Thats a good PB mate - let us know how you get on.


----------



## Ironman (Jul 12, 2005)

paul m said:


> i know im pleased with 13 so far close grip benches have really improved my bench my p.b is 180kg for 4 reps stict form. my mates ex training partner was the one who did 28 reps and apparently he was talking through the first dozen joking with the other competitors. 20 is a big ask but i reckon ill do it.


Mate that is well impressive!


----------



## RAIKEY (Jun 30, 2005)

hey Paul!

wheres all this taking place mate ?

i,m just round the corner from you,

i may come and shout things at yer !! (you know, to get yer mad up)


----------



## paul m (Mar 8, 2005)

ray2: ray2: ray2: ray2:



BL1 said:


> Thats a good PB mate - let us know how you get on.


cheers mate ill keep u posted on my progress aiming to get 14 tommorow.


----------



## paul m (Mar 8, 2005)

RAIKEY said:


> hey Paul!
> 
> wheres all this taking place mate ?
> 
> ...


lol, cheers mate your words of incouragment would be appreciated. its at kikos in ponte in may sometime.


----------



## Snorbitz1uk (Sep 21, 2005)

RAIKEY said:


> hey Paul!
> 
> wheres all this taking place mate ?
> 
> ...


Why do you have a pic of my future wife in your avatar?:gun:


----------



## RAIKEY (Jun 30, 2005)

Kiko's ...sh1t , i best dig art me kevlar stab vest then eh?

i'd av fancied a go at that too but i,m doing a show in may , so 'ill be weak as p1ss .

although whats the BB part of it??....if i,m in condition from the north east , i may as well drop in on that too...

keep me posted on the date Paul mate..


----------



## BL1 (Jan 8, 2006)

Good luck Paul !

Raikey mate is that doris in your avatar off Hollyoaks - Lisa. She's Fit as F**k !!


----------



## paul m (Mar 8, 2005)

RAIKEY said:


> Kiko's ...sh1t , i best dig art me kevlar stab vest then eh?
> 
> i'd av fancied a go at that too but i,m doing a show in may , so 'ill be weak as p1ss .
> 
> ...


ill get the confirmed date for you, dayo audi was there last year sponsored a class, he also trained the overall winner, his training partner nana is a previous winner aswell. the categories are u18,u21, beginner, intermediate and advanced then there is the overall. always has a high standard of competitors gets a good crowd too. if your in good nick id give it a go.


----------



## Ironman (Jul 12, 2005)

BL1 said:


> Raikey mate is that doris in your avatar off Hollyoaks - Lisa. She's Fit as F**k !!

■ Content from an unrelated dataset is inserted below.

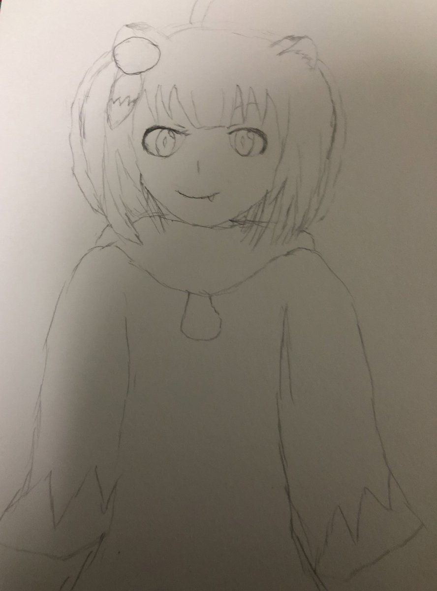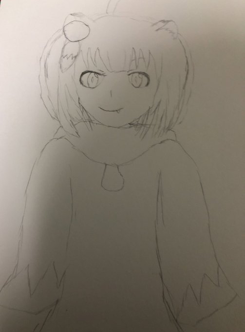 #えまあーと 最近(?)流行りの動画の「たべるんごのこ」風のえまさんぽい人(下書き)です。(元ネタはわかりません) えまさんの場合は吊すんごか逃げるんごですかね?
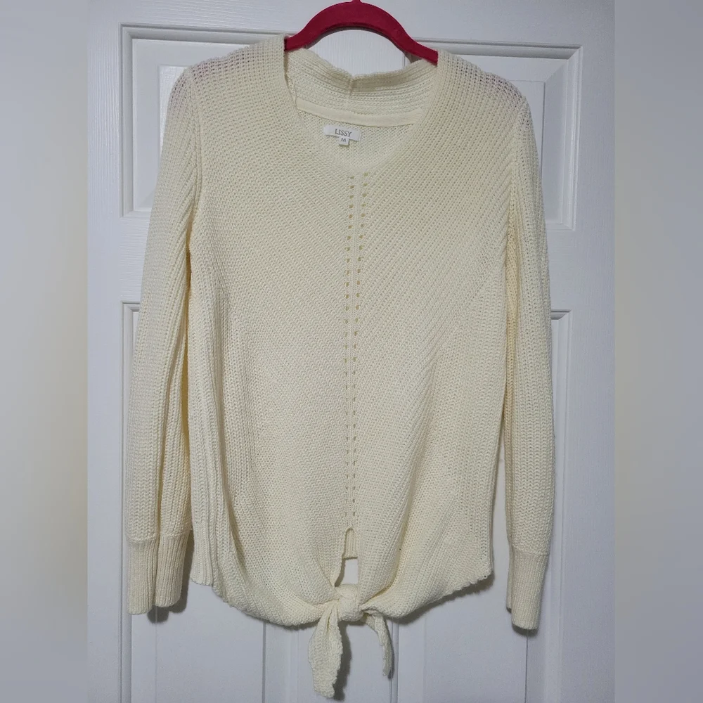 cream sweater with tie-front. size med

She got nothin on Paddys new receptionist in Emmerdale!


----------



## Aftershock (Jan 28, 2004)

Snorbitz1uk said:


> Why do you have a pic of my future wife in your avatar?:gun:


I much prefer her cleavage to rackeys bum crack I must say...


----------



## BL1 (Jan 8, 2006)

Aftershock said:


> I much prefer her cleavage to rackeys bum crack I must say...


Not that I'm into 'cracks' but I thought Raikeys old avatar was of DB


----------



## RAIKEY (Jun 30, 2005)

paul m said:


> ill get the confirmed date for you, dayo audi was there last year sponsored a class, he also trained the overall winner, his training partner nana is a previous winner aswell. the categories are u18,u21, beginner, intermediate and advanced then there is the overall. always has a high standard of competitors gets a good crowd too. if your in good nick id give it a go.


oh... its the five towns comp!!!!

it draws some good folk , your right. well worth a visit me thinks.


----------



## RAIKEY (Jun 30, 2005)

BL1 said:


> Not that I'm into 'cracks' but I thought Raikeys old avatar was of DB


it was !...

it was my homage to the great man himself.

but Aftershock wanted so much for it to be my crack , he actually believed it..

(oops forgot,....he's a mod now )


----------



## DB (Oct 31, 2003)

RAIKEY said:


> it was !...
> 
> it was my homage to the great man himself.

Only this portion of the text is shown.